MMA athletes are competing against an individual opponent who is also attempting to inflict the equivalent physical damage.

MMA athletes are matched in weight classes and typically of similar weight. 

Bouts are usually 3 or 5 rounds with each round 5 minutes in duration and 1 minute rest periods between rounds. Bouts are won via knockout, joint submission, choke or on points determined subjectively by judges. 

Rugby League is a team sport with 13 players on the field. It’s acyclical and unpredictable. The contact aspect has a player from the attacking team running into the defensive line and tackled by multiple players from the defensive team.

The game is played on a grass field 100m long x 50m wide. It’s played outdoors in a wide variety of weather conditions (sunshine, rain, wind, heat, cold, day and night).

Games are played in 2 x 40 minute halves with 10-15 minutes between halves. There can be significant height and bodyweight differences between players in different positions.  

Grand Final highlights of the Burleigh Bears Rugby League team. I physically prepared them for the 2004 Queensland Cup Season.

Swimming is an individual sport and cyclical in nature. It’s predictable in terms of movement requirements. It’s non contact and executed in the water in the controlled environment of a swimming pool. 

Events range from 50 metres to 1500 metres.  

Probability wise how would you rank these four sports from least potential to most injury potential? 

I’ll take a stab and guess you put either Bodybuilding or Swimming as least injury potential and MMA or Rugby League as having the greatest injury potential of these four sports.  

It’s evident all things being equal considering the goal of MMA is to outpoint or knockout your opponent via bone and soft tissue damage, joint dislocation or choke. While Rugby League typically has over 500 collision episodes per game on top of repetitive sprinting while fatigued. Both sports have aspects of tacking/wrestling a noncompliant opponent with gravity and the physical earth magnifying the outcomes.  

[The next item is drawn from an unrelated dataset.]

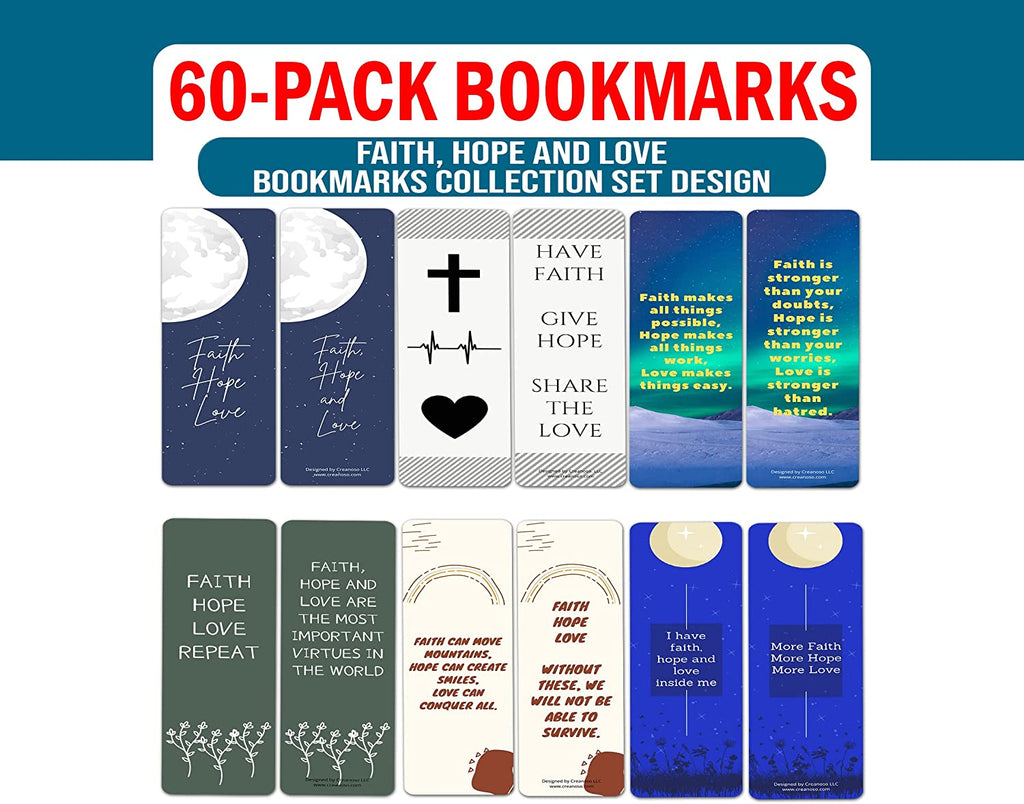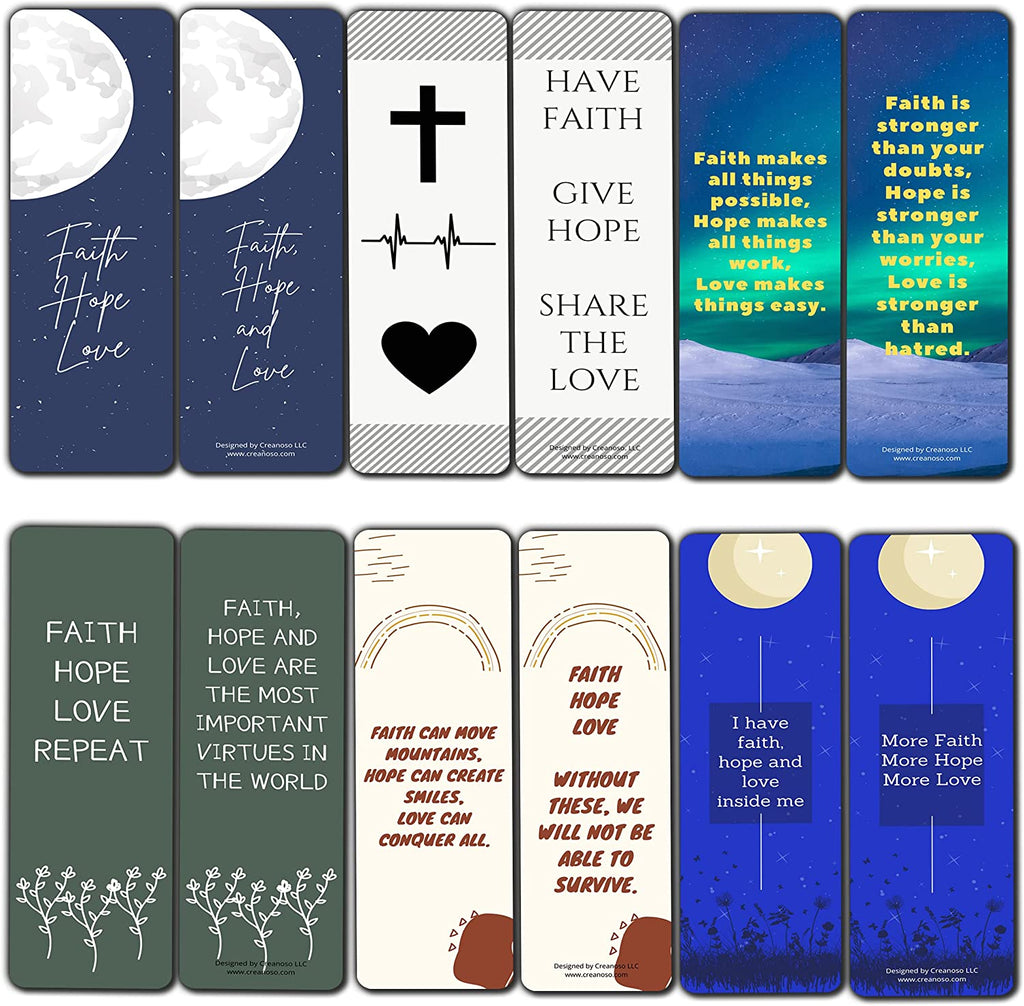 Creanoso Faith, Hope and Love Bookmarks (10-Sets X 6 Cards) – Daily Inspirational Card Set – Interesting Book Page Clippers – Great Gifts for Adults and Teens

Bodybuilding and swimming each have their own injury potential, including repetitive unbalanced training, technique breakdown, inappropriate training loads and so on. However the potential for injury is lower as bodybuilders and swimmers are in control of their body at all times in controlled environments.

I’m not suggesting injuries need to happen in any of these sports. The injury rates in all of them are unnecessarily high in my view. But that challenge is yours, as a participant, not the sports.

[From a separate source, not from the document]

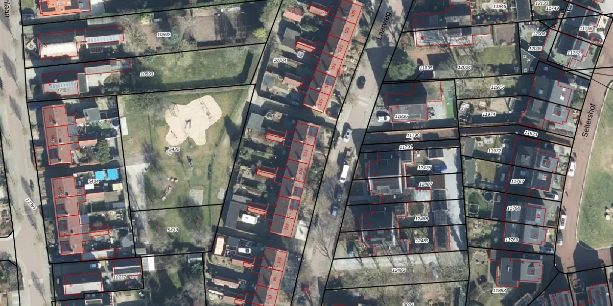 Het perceel waarop Laarweg 111 staat heeft een oppervlakte van 6355 m². Dit is een zeer groot perceel. De perceeloppervlakte wordt geregistreerd door het Kadaster. Gedetailleerde informatie over de maten van dit perceel kunt u vinden in het rapport Kadastrale kaart met maatvoering van Laarweg 111.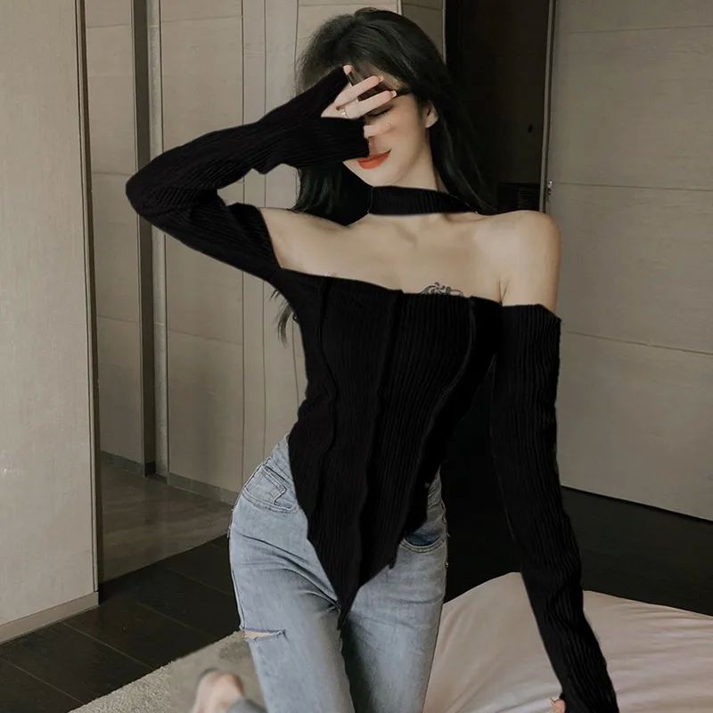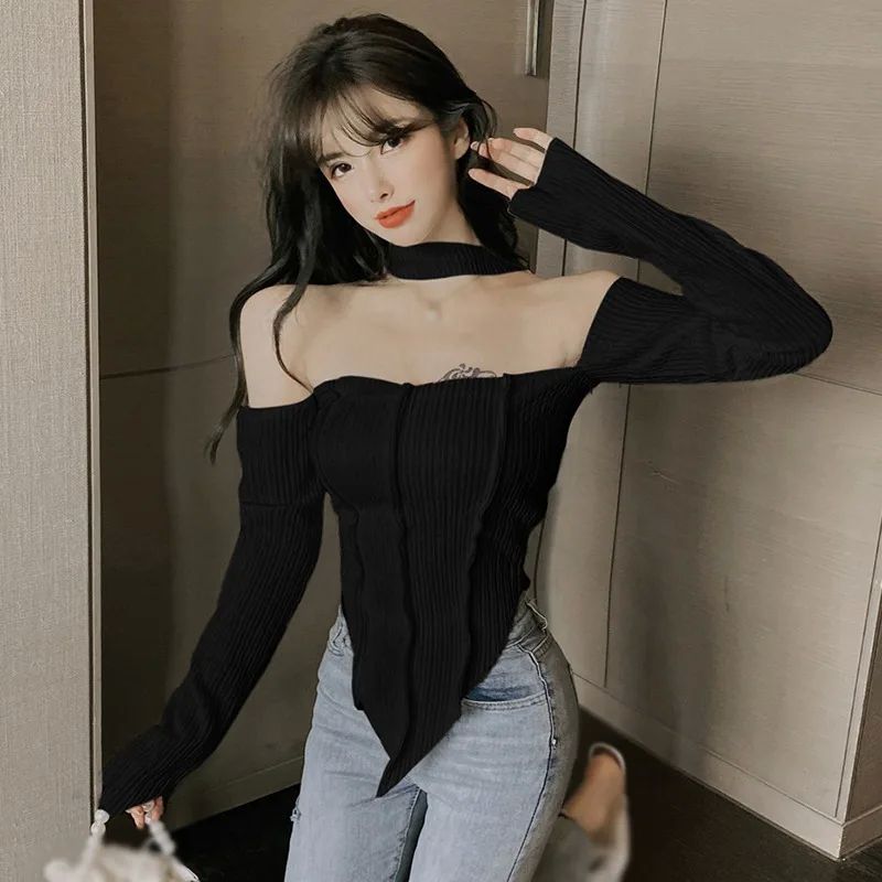 Off Shoulder Long Sleeve Top Tee Shirt Femme Y2K Clothes Gr

Yes MMA and Rugby League will result in more bodily bruising and corks than swimming without question due to the physical impact of the sports and the need to condition the body for it. Yes, the potential for joint subluxation/dislocation is greater in the grappling aspect of MMA as that is the entire point of submission wrestling. That said training with experienced respectful training partners, tapping early in training (outside of specific drilling for late stage escapes), dropping the ego and understanding the error was made a few steps before your need to tap are strategies to reduce this potential. In addition to optimising your soft tissue length and tension to maintain healthy joints.

It’s your responsibility to get educated. It’s your responsibility to ready your body for the immediate and long term demands of your chosen sport. It’s your responsibility to ready your body for the daily training requirements, which extends beyond training into hydration, nutrition and sleep.    

Two thirds or 66% of the focus has been on you – your personal commitment, decisions and actions. One third or 33% focused on the sport you play. You can’t change the stressors of your sport but you can make significant change to your body to deal with the inevitabilities of sport.